Published on 7 May 2014

NHS forced into emergency action to fund ‘game-changing’ Hep C drug

Channel 4 News understands that NHS England has taken the unusual step of setting up an emergency access scheme for a new hepatitis C drug  after plans for fast track funding were delayed.

Three weeks ago,  we revealed that NHS England had agreed to early funding of the drug, Sofosbuvir, for 500 patients with a severe form of the disease who were otherwise likely to die or to need a liver transplant within a year.

However,  no patient has yet received the drug after it emerged that NHS England had not worked out a procedure for moving the funding to the doctors who wanted to prescribe the drug.

Now after pressure from consultants and the Hepatitis C Trust,  NHS England has agreed to the emergency scheme for the most desperately ill of those 500 patients.  We have been told that the funding will reach doctors by Monday.

In our  piece three weeks ago, we interviewed Nils Nordal, of Oxford, who contracted the disease following dental treatment in Egypt 20 years ago.

Pre News refresh player – this is the default player for the C4 news site – please do not delete.
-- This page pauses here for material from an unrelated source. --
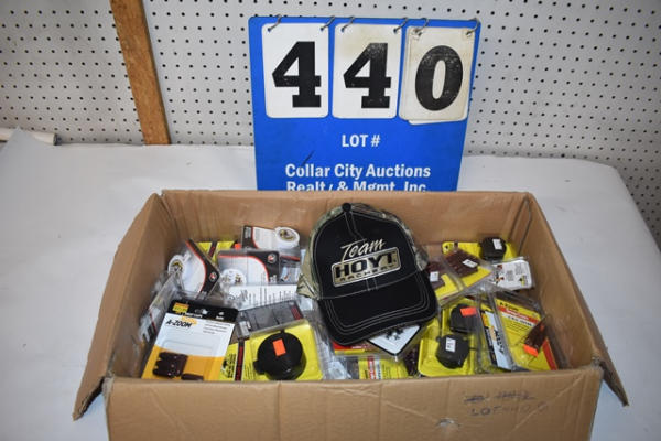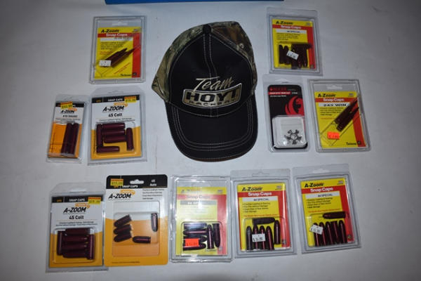Box lot including Team Hoyt Archery baseball cap, large number of snap caps in calibers including 45 Colt, 410 ga., 44 Special, 22-250 Rem, 243 Win. Also includes scope covers, brushes, etc.

Ziad



Since then, Mr Nordal’s condition has deteriorated.  Rather than wait for NHS England to work out the funding problems, his doctors have now gone straight to the drug company, Gilead.

Mr Nordal’s consultant, Dr Ellie Barnes, said that Gilead had agreed to supply the drug and Mr Nordal should be able to begin the treatment on Friday.

Dr Barnes said Gilead had acted somewhat on faith, on the understanding that Mr Nordal’s name would be on the emergency funding list.

Breakthrough treatment

The drug has been hailed as a “game changer” because it has a 90 to 95 per cent cure rate, can prevent the need for transplant and has almost no side effects.

Until now, there have been few options for people with the advanced effects of hepatitis C except a liver transplant.

The current drug regime, using interferon, with other drugs such as ribavirin, cannot always be tolerated by those with the more serious form of the disease.

Even for those who can take it,  the regime has serious side-effects and is not, more crucially, a cure.

Mr Nordal has now been assessed for a liver transplant and it is not clear whether the drug will prevent that operation from having to go ahead.

There is some evidence that the drug can reverse some of the damage to the liver caused by the disease, although no studies have been done on patients as seriously ill as Mr Nordal.  And there is also evidence that the number of days that a patient is virus-free before a transplant increases the likelihood that the virus will not attack the new liver.

Dr Barnes said that in these cases, “days matter” when it comes to getting the treatment to the patient.

Bureaucratic delays

Consultants have welcomed the fact that funding was agreed by NHS England, but criticism and frustration will escalate if the funding process is not streamlined over the coming days as promised.

It appears, though, that the organisation may have fallen foul of the “any qualified provider” rules introduced under the NHS reforms that insist that processes like this are put out to tender.

This means that although it was agreed 15 centres should be responsible for getting the drug to the patients, private providers – who probably have no interest in being involved – still had to be given the opportunity to be part of the process.

One consultant told Channel 4 News that it was an “appalling system” that meant NHS England had been forced to make the early access scheme up as it went along.

The early funding was agreed, after a three month process, because it was recognised that the National Institute for Health and Care Excellence (NICE) would not be able to evaluate the drug quickly enough for the most seriously ill.

The drug is expensive – £35,000 for a 12 week course.  But when compared with the need for a liver transplant, followed by a  lifetime of drugs, it becomes highly cost-effective.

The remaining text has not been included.